* Activity: Find the line below with "أشاد السياسي اللبناني" and the line with "A moto trafegava". Output them and the lines between, exactly, but not the pictures.

* Input material:
+ + + + + + +
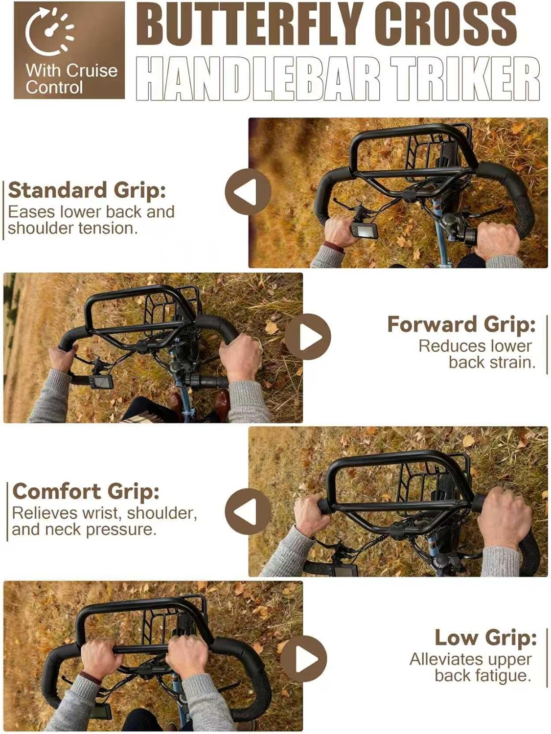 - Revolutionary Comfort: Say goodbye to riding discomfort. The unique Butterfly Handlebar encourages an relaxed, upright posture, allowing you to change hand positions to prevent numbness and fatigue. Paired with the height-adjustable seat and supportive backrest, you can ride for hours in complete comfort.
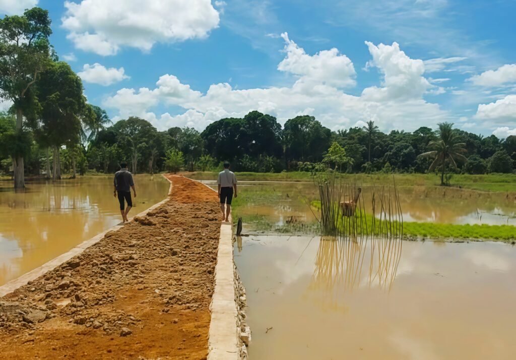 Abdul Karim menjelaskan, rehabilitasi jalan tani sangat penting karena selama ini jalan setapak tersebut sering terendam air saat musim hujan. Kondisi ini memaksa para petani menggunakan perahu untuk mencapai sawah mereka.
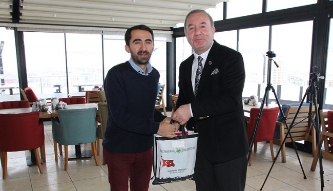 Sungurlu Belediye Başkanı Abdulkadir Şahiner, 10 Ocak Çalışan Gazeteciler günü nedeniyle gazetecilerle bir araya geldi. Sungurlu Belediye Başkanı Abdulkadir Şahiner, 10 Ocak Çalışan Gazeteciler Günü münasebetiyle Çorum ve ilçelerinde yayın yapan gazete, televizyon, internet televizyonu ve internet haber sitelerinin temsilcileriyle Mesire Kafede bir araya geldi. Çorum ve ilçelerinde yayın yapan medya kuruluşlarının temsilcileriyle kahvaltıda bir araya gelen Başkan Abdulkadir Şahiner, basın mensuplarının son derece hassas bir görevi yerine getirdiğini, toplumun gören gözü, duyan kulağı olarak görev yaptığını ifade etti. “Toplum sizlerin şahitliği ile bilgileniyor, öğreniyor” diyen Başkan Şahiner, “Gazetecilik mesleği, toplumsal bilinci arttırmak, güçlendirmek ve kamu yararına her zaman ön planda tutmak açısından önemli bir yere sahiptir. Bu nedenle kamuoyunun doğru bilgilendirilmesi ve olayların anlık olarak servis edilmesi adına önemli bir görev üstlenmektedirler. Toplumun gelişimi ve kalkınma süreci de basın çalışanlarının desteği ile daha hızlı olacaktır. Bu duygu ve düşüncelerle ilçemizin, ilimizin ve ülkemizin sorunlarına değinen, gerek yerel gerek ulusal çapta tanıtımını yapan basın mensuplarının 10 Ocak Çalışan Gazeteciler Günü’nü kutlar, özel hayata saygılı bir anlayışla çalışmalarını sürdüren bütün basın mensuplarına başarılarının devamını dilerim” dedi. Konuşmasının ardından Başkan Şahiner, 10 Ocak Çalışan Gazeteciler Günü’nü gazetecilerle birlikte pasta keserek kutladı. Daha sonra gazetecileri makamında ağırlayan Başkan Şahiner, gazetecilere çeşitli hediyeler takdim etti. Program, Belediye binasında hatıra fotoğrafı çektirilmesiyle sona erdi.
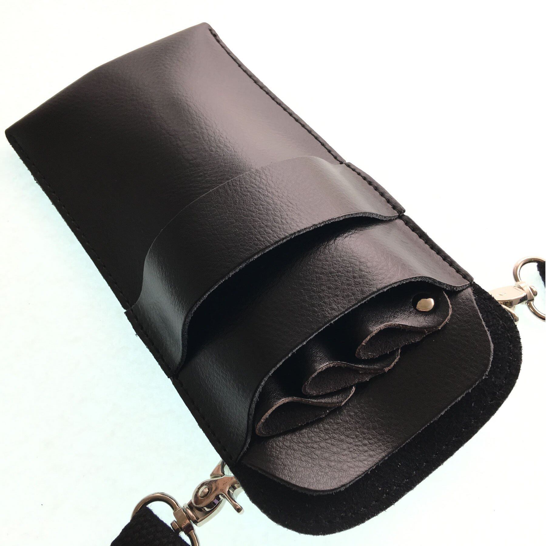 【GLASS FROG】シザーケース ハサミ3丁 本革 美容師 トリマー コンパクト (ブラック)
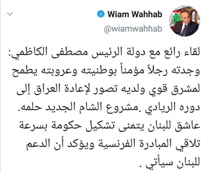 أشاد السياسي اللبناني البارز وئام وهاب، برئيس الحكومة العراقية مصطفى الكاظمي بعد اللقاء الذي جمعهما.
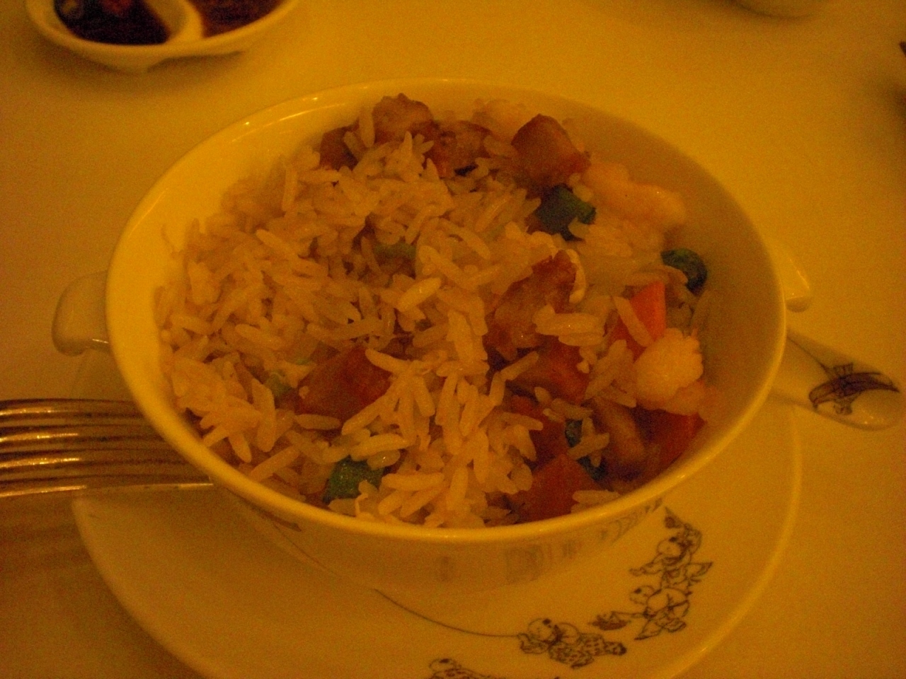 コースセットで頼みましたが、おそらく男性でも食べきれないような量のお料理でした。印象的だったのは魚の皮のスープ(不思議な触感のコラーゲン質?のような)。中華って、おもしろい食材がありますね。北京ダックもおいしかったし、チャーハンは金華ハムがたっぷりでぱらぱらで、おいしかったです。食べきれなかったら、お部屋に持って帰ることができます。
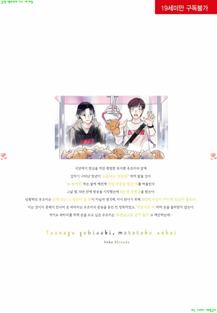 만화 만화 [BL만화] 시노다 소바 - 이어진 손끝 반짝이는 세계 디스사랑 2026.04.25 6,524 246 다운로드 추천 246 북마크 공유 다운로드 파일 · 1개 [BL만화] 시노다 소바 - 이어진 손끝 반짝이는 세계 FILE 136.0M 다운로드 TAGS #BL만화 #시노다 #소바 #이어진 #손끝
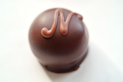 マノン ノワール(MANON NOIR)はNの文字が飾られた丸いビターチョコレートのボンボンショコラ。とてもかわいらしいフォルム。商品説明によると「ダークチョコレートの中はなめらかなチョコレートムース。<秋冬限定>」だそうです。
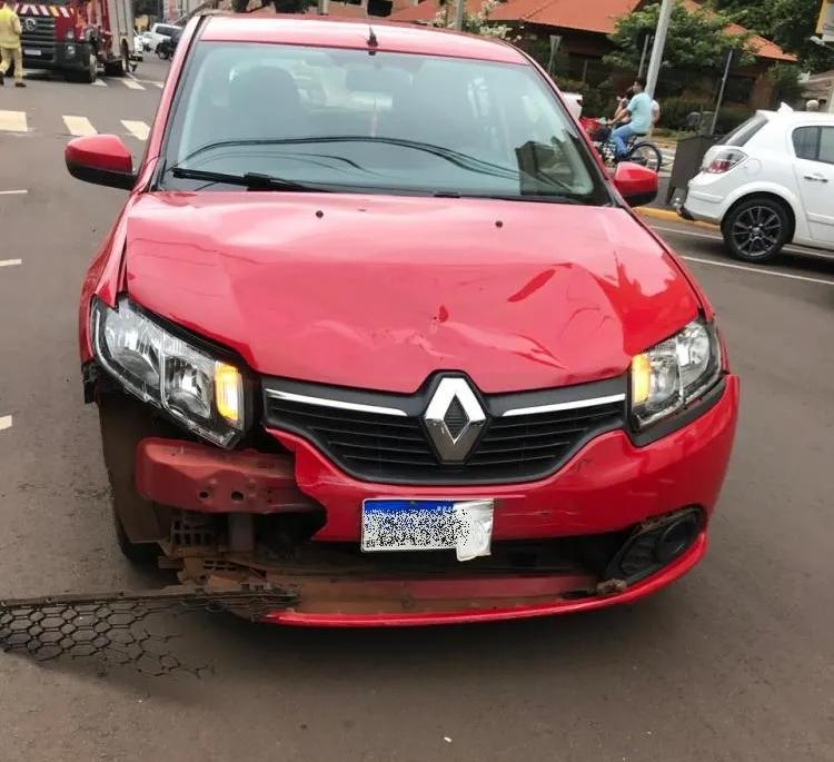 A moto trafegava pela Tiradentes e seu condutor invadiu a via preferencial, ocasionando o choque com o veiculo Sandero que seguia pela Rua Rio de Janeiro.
+ + + + + + +
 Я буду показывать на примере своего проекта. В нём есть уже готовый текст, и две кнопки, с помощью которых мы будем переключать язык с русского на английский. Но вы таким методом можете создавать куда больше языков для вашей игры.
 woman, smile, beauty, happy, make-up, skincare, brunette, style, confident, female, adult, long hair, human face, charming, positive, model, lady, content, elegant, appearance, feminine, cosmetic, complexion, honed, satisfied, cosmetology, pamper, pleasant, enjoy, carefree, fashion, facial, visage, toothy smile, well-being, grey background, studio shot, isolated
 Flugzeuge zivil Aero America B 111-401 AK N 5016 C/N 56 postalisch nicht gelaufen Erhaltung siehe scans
+ + + + + + +
* Answer to the problem:
 أشاد السياسي اللبناني البارز وئام وهاب، برئيس الحكومة العراقية مصطفى الكاظمي بعد اللقاء الذي جمعهما.
 コースセットで頼みましたが、おそらく男性でも食べきれないような量のお料理でした。印象的だったのは魚の皮のスープ(不思議な触感のコラーゲン質?のような)。中華って、おもしろい食材がありますね。北京ダックもおいしかったし、チャーハンは金華ハムがたっぷりでぱらぱらで、おいしかったです。食べきれなかったら、お部屋に持って帰ることができます。
 만화 만화 [BL만화] 시노다 소바 - 이어진 손끝 반짝이는 세계 디스사랑 2026.04.25 6,524 246 다운로드 추천 246 북마크 공유 다운로드 파일 · 1개 [BL만화] 시노다 소바 - 이어진 손끝 반짝이는 세계 FILE 136.0M 다운로드 TAGS #BL만화 #시노다 #소바 #이어진 #손끝
 マノン ノワール(MANON NOIR)はNの文字が飾られた丸いビターチョコレートのボンボンショコラ。とてもかわいらしいフォルム。商品説明によると「ダークチョコレートの中はなめらかなチョコレートムース。<秋冬限定>」だそうです。
 A moto trafegava pela Tiradentes e seu condutor invadiu a via preferencial, ocasionando o choque com o veiculo Sandero que seguia pela Rua Rio de Janeiro.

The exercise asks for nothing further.